How to use spark memory in jvm-profiler 07/19 Update SLTechnology News&Howtos

How to use spark memory in jvm-profiler

2025-07-19 Update From: SLTechnology News&Howtos shulou NAV: SLTechnology News&Howtos > Internet Technology >

Shulou(Shulou.com)06/02 Report--

This article is to share with you about how to use spark memory in jvm-profiler, the editor thinks it is very practical, so I share it with you to learn. I hope you can get something after reading this article.

Jvm-profiler

Generally speaking, there are two ways to monitor spark memory.

Access to the internal memory usage of Executor through Spark ListenerBus, there is less relevant information that can be obtained.
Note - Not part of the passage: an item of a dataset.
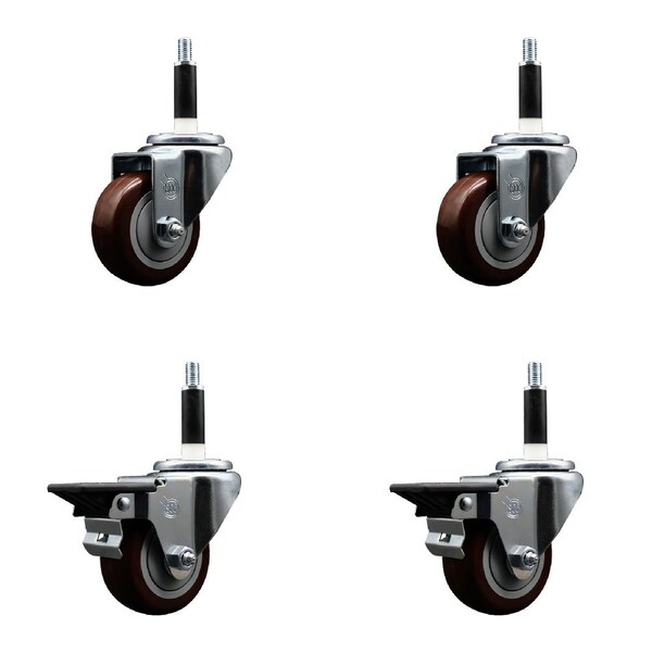 3'' Maroon Poly Wheel Swivel 7/8'' Expanding Stem Caster Set 2 Brakes, 4PK

After the https://github.com/apache/spark/pull/21221 is integrated, the usage of each logical partition of executor memory can be collected.
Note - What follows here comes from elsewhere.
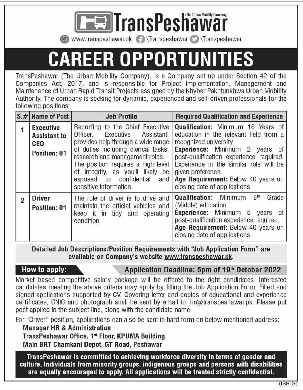- Apply at TransPeshawar latest Government jobs in Executive and departments before closing date which is around October 19, 2022 or as per closing date in newspaper ad.

The JVM information is sent to the specified sink through Spark Metrics, and users can also customize the Sink, such as sending it to kafka/Redis.
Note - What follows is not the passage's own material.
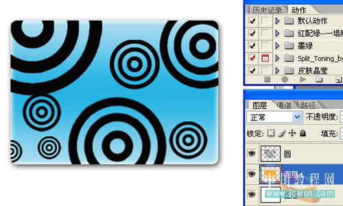 復(fù)制多兩個(gè)圓,然后ctrl+t進(jìn)行自由變換,在縮放的同時(shí),按住shift+alt進(jìn)行等比例縮放~最后效果如圖~完工后,把這三個(gè)圓的圖層合并起來`(把三個(gè)圖層選起來,按ctrl+e就可以合并啦~)

Uber has recently opened up jvm-profiler to collect information about distributed JVM applications, which can be used for debug CPU/mem/io or the time of method calls. For example, adjust Spark JVM memory size, monitor HDFS Namenode RPC latency, and analyze data consanguinity.

It is easy to apply to Spark.

JVM information is collected every 5S and sent to kafka profiler_CpuAndMemory topic

Hdfs dfs-put jvm-profiler-0.0.9.jar hdfs://hdfs_url/lib/jvm-profiler-0.0.9.jar--conf spark.jars=hdfs://hdfs_url/lib/jvm-profiler-0.0.9.jar--conf spark.executor.extraJavaOptions=-javaagent:jvm-profiler-0.0.9.jar=reporter=com.uber.profiling.reporters.KafkaOutputReporter,metricInterval=5000,brokerList=brokerhost:9092,topicPrefix=profiler_

After consumption, it is stored in HDFS for analysis.

Analysis.

Hive table structure

Analyze the task of user-defined memory

User-defined memory scheduling tasks. The memory utilization of 75% of the tasks is less than 80%, which can be optimized.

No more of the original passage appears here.